Problem to solve: Print word for word whatever lies between the first line of the material and the line holding "El Banco de", both included, and omit all pictures.

Dataset extract:
'''

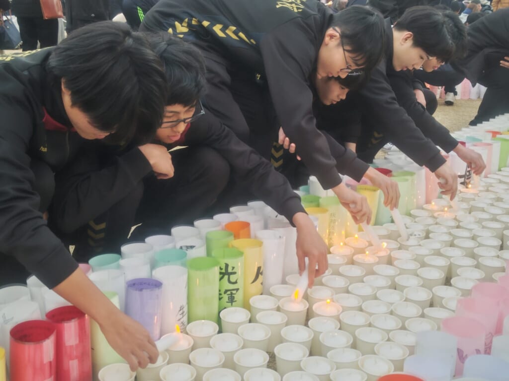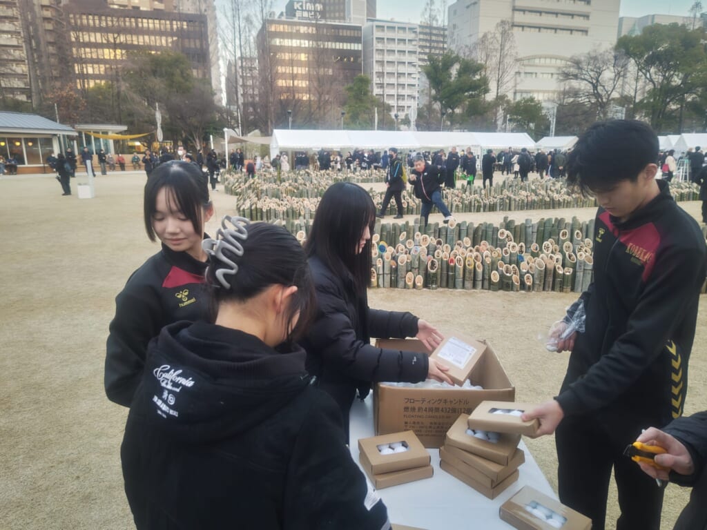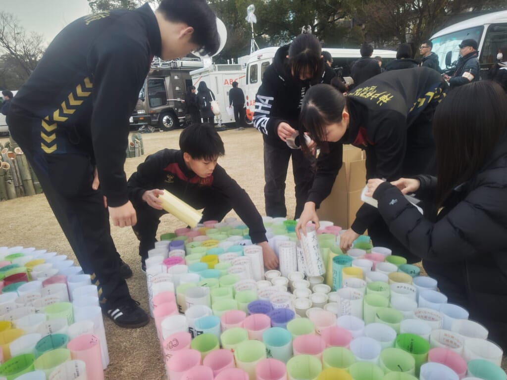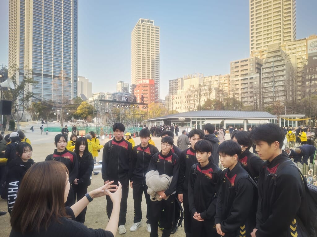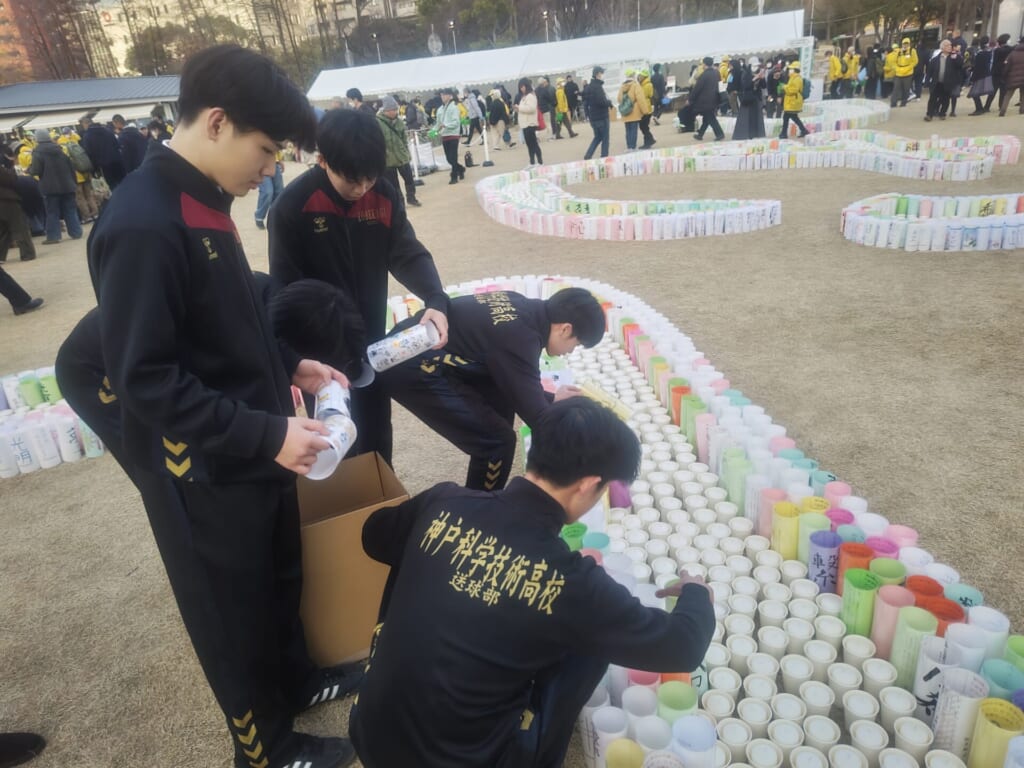 1月16日(金)、男子ハンドボール部の生徒たちが、東遊園地で開催された「阪神淡路大震災 1.17のつどい ~つむぐ~」のボランティア活動に参加しました。
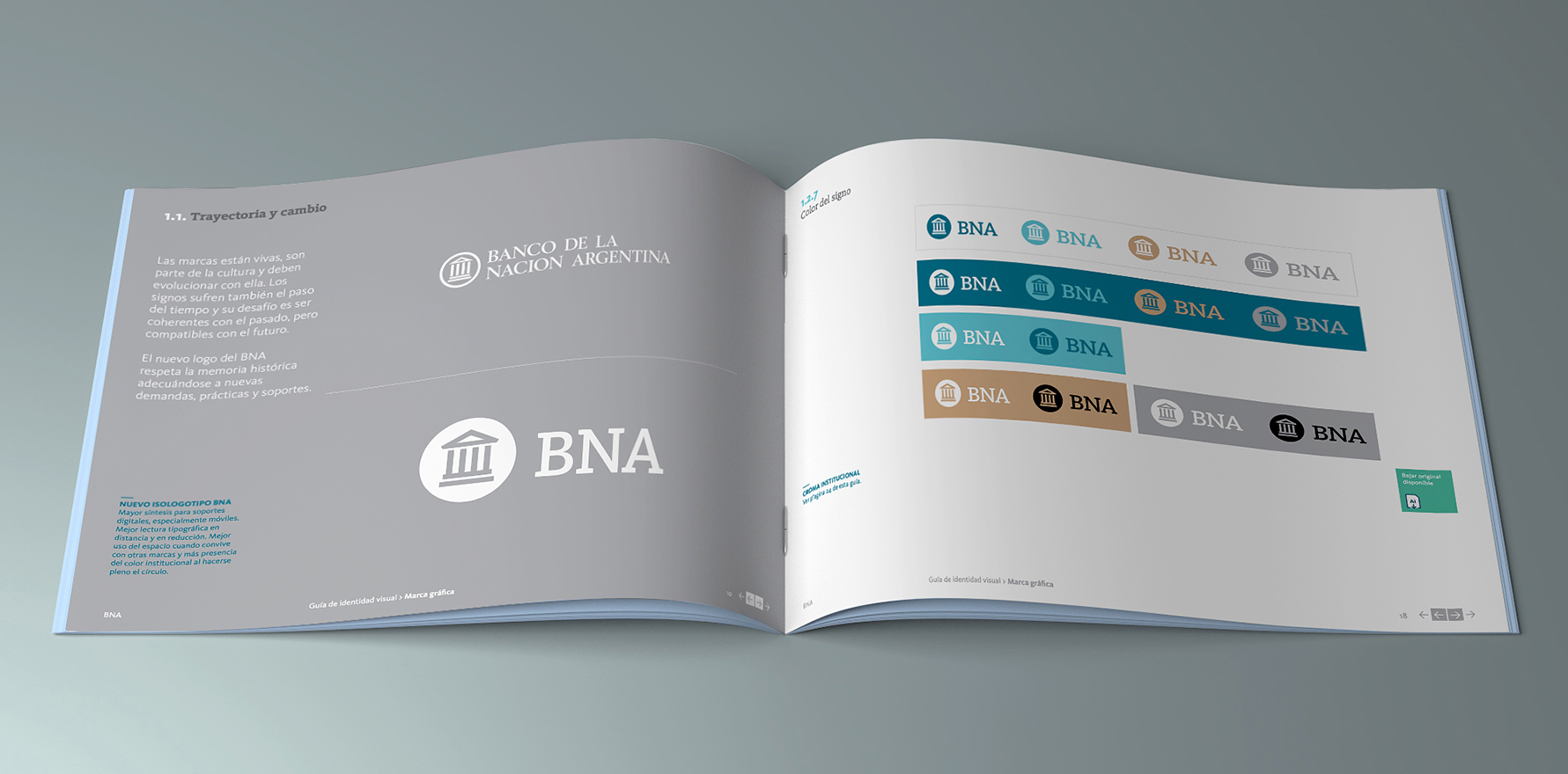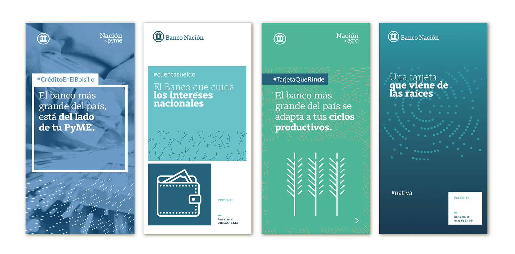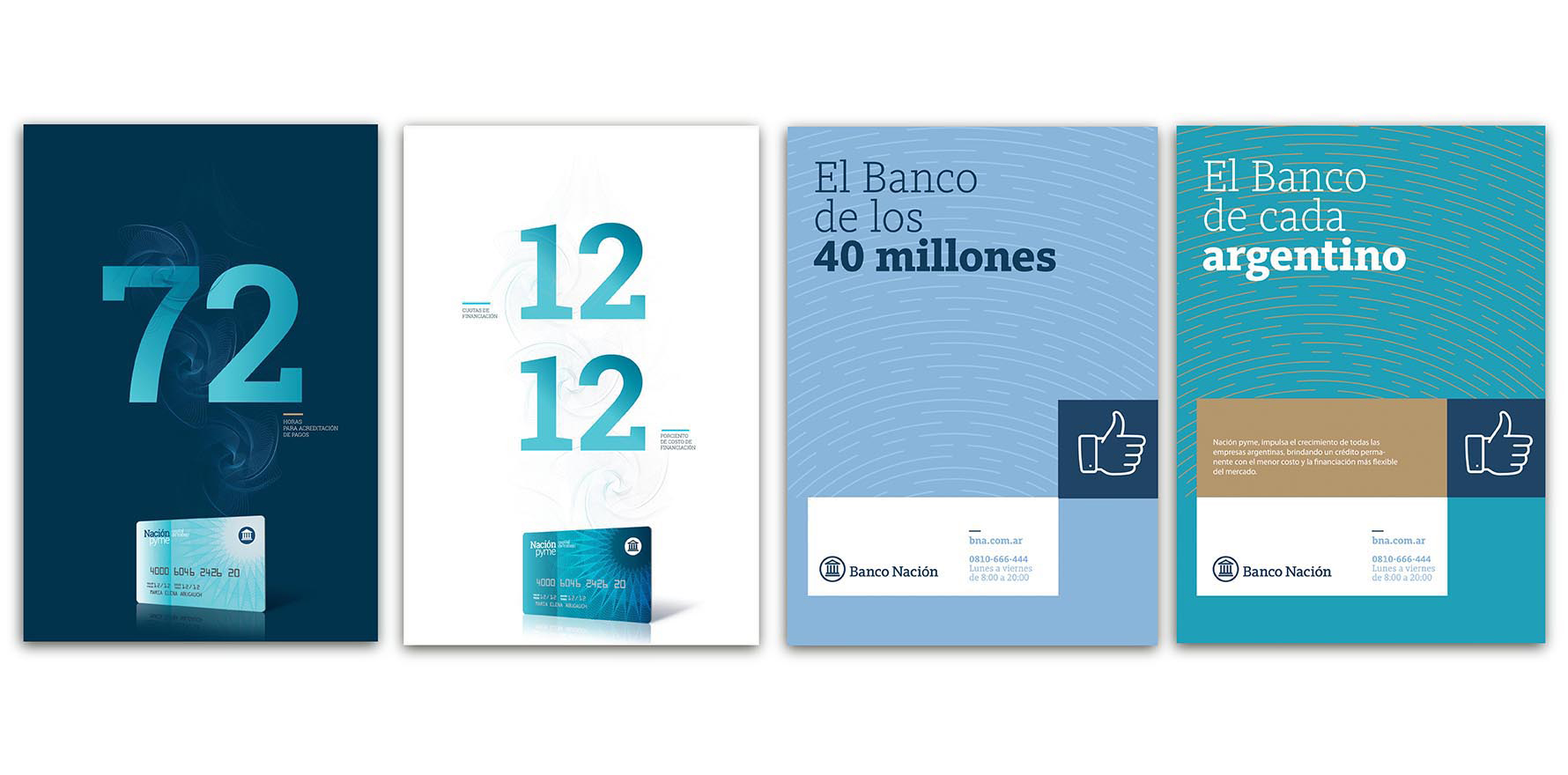 El Banco de la Nación Argentina es el de mayor presencia territorial con una actividad fuertemente condicionada por su función social (pago de jubilaciones, cuentas sueldo públicas, atención de planes sociales, etc.) y al mismo tiempo, compite con la banca privada en el resto de los servicios y productos. En ese marco y junto con transformaciones de sus sistemas informáticos, su calidad de atención, y la ampliación de su red de sucursales, nos pidió desarrollar una actualización de su identidad visual compatible con este nuevo impulso.
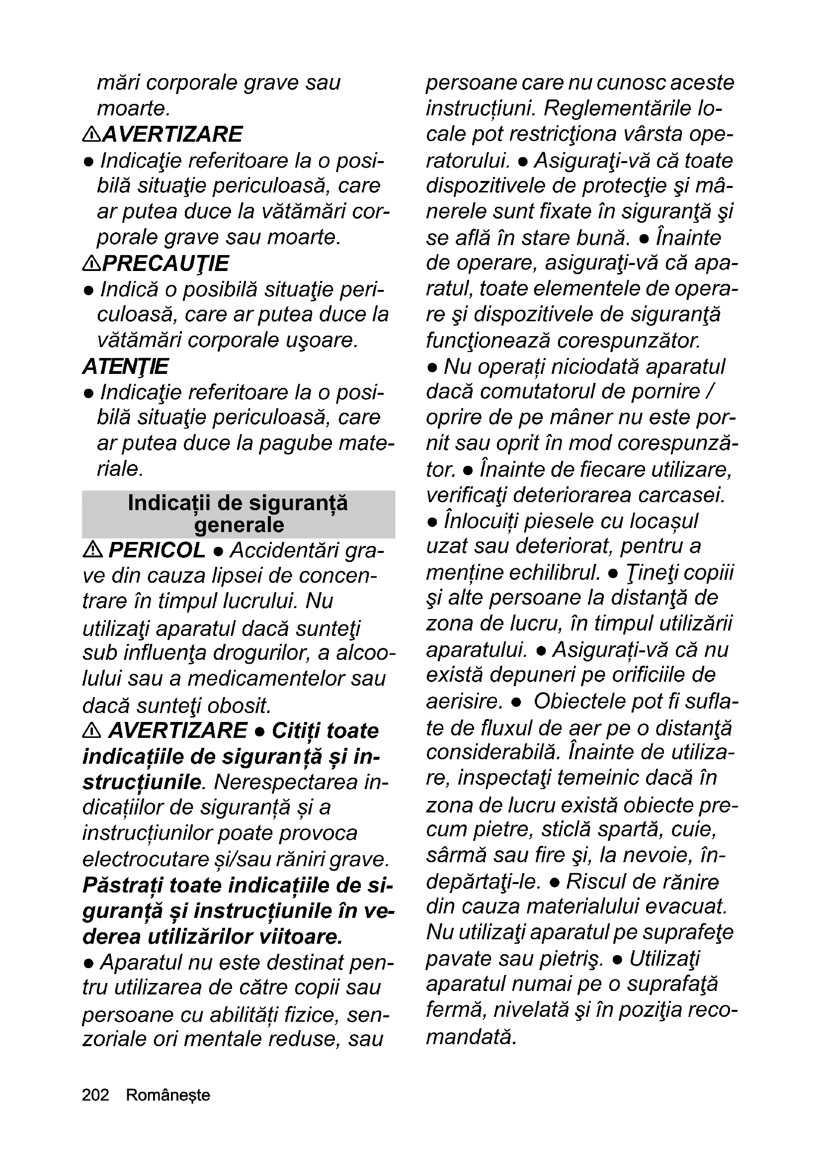 - Declaraţie de conformitate UE 02 Româneşte mări corporale grave sau moarte. 몇 AVERTIZARE ● Indicaţie referitoare la o posi- bilă situaţie periculoasă, care ar putea duce la vătămări cor- porale grave sau moarte. 몇 PRECAUŢIE ● Indică o posibilă situaţie peri- culoasă, care ar putea duce la vătămări corporale uşoare. ATENŢIE ● Indicaţie referitoare la o posi- bilă situaţie periculoasă, care ar putea duce la pagube mate- riale. Indicații de siguranță generale PERICOL ● Accidentări gra- ve din cauza lipsei de concen- trare în timpul lucrului. Nu utilizaţi aparatul dacă sunteţi sub influenţa drogurilor, a alcoo- lului sau a medicamentelor sau dacă sunteţi obosit. 몇 AVERTIZARE ● Citiți toate indicațiile de siguran ță și in- strucțiunile. Nerespectarea in- dicațiilor de siguranță și a instrucțiunilor poate provoca electrocutare și/sau răniri grave. Păstrați toate indicațiile de si- guranță și instrucțiunile în ve- derea utilizărilor viitoare. ● Aparatul nu este destinat pen- tru utilizarea de către copii sau persoane cu abilități fizice, sen- zoriale ori mentale reduse, sau persoane care nu cunosc aceste instrucțiuni. Reglementările lo- cale pot restricţiona vârsta ope- ratorului. ● Asiguraţi-vă că toate dispozitivele de protecţie şi mâ- nerele sunt fixate în siguranţă şi se află în stare bună. ● Înainte de operare, asiguraţi-vă că apa- ratul, toate elementele de opera- re şi dispozitivele de siguranţă funcţionează corespunzător. ● Nu operați niciodată aparatul dacă comutatorul de pornire / oprire de pe mâner nu este por- nit sau oprit în mod corespunză- tor. ● Înainte de fiecare utilizare, verificaţi deteriorarea carcasei. ● Înlocuiți piesele cu locașul uzat sau deteriorat, pentru a menține echilibrul. ● Ţineţi copiii şi alte persoane la distanţă de zona de lucru, în timpul utilizării aparatului. ● Asigurați-vă că nu există depuneri pe orificiile de aerisire. ● Obiectele pot fi sufla- te de fluxul de aer pe o distanţă considerabilă. Înainte de utiliza- re, inspectaţi temeinic dacă în zona de lucru există obiecte pre- cum pietre, sticlă spartă, cuie, sârmă sau fire şi, la nevoie, în- depărtaţi-le. ● Riscul de r ănire din cauza materialului evacuat. Nu utilizaţi aparatul pe suprafeţe pavate sau pietriş. ● Utilizaţi aparatul numai pe o suprafaţă fermă, nivelată şi în poziţia reco- mandată.Româneşte 203 몇 PRECAUŢIE ● Familiarizați- vă cu elementele de operare și cu utilizarea corespunzătoare a aparatului. ● Purtaţi o protecţie auditivă completă atunci când utilizaţi aparatul. Aparatul este extrem de zgomotos şi poate provoca leziuni permanente ale auzului dacă nu respectaţi cu stricteţe instrucţiunile privind ex- punerea, reducerea zgomotului şi protecţia auditivă. ● Purtaţi ochelari cu protecţie completă atunci când utilizaţi aparatul. Producătorul recomandă insis- tent să purtaţi o mască de faţă completă sau ochelari de pro- tecţie complet închişi. Ochelarii normali sau ochelarii de soare nu oferă protecţie împotriva obiectelor proiectate. ● Pericol de rănire în cazul în care hainele largi, părul sau bijuteriile sunt prinse în admisia de aer a apa- ratului. Legaţi părul lung deasu- pra nivelului umărului. ● În timpul lucrului, purtați pantaloni lungi, grei, încălțăminte de pro- tecție și mănuși fixe. Nu lucrați cu picioarele goale. Nu purtați bijuterii, sandale sau pantaloni scurți. ATENŢIE ● Operatorul aparatu- lui este responsabil pentru acci- dentele cu alte persoane sau bunurile acestora. Indicaţie ● În unele regiuni, re- glementările pot limita utilizarea acestui aparat. Consultați autori- tățile locale. ● Etichetele de avertizare deteriorate sau ilizibi- le de pe aparat trebuie înlocuite de către serviciul autorizat pen- tru clienți. ● Înainte de a utiliza suflanta cu acumulator, curăţaţi murdăria cu grebla şi mătura. Operare în siguranță PERICOL ● Se interzice funcţionarea în zone cu pericol de explozie. 몇 AVERTIZARE ● Păstrați o distanță minimă de 15 m față de persoane și animale. Opriți apa- ratul atunci când o persoană in- tră în această zonă. ● Ţineţi faţa şi corpul departe de portul de ali- mentare. ● Camera de alimenta- re trebuie să fie goală înainte de a porni aparatul. ● Nu menţineţi mâinile sau alte părţi ale corpu- lui în camera de alimentare, jgheab sau în apropierea altor componente mobile. ● Nu utili- zaţi aparatul dacă există perico- lul de descărcări electrice. ● Aveți nevoie de o vedere fără obstacole asupra zonei de lucru, pentru a detecta pericolele po- tențiale. Utilizați aparatul numai în condiții bune de lumină. ● În timpul lucrului cu aparatul, de- plasați-vă mergând, nu aler- gând. Nu mergeți înapoi. Evitați o postură corporală nefirească, asigurați-vă o poziție fixă, stabilă și păstrați-vă echilibrul tot tim- pul. ● Nu utilizaţi niciodată apa-204 Româneşte ratul cu dispozitive de protecţie defecte sau cu dispozitive de si- guranţă lipsă, de ex. coşul co- lector pentru resturi montat. ● Opriți imediat aparatul și verifi- cați dacă prezintă daune sau identificați cauza vibrației, dacă aparatul a căzut, a fost lovit sau vibrează anormal. Reparați dau- nele prin intermediul unui servi- ciu de relații cu clienții autorizat sau înlocuiți aparatul. ● În caz de accident sau defecţiune, opriţi imediat aparatul şi scoateţi setul de acumulatori. Este posi- bil ca aparatul să nu fie pus în funcţiune până când nu a fost verificat de un centru de service autorizat. ● Pericol de rănire de componentele rotative. Opriți motorul, scoateți setul de acu- mulatori și asigurați-vă că toate componentele mobile sunt opri- te complet: înainte de a lăsa aparatul ne- supravegheat. î

'''

Written solution:
 1月16日(金)、男子ハンドボール部の生徒たちが、東遊園地で開催された「阪神淡路大震災 1.17のつどい ~つむぐ~」のボランティア活動に参加しました。
 El Banco de la Nación Argentina es el de mayor presencia territorial con una actividad fuertemente condicionada por su función social (pago de jubilaciones, cuentas sueldo públicas, atención de planes sociales, etc.) y al mismo tiempo, compite con la banca privada en el resto de los servicios y productos. En ese marco y junto con transformaciones de sus sistemas informáticos, su calidad de atención, y la ampliación de su red de sucursales, nos pidió desarrollar una actualización de su identidad visual compatible con este nuevo impulso.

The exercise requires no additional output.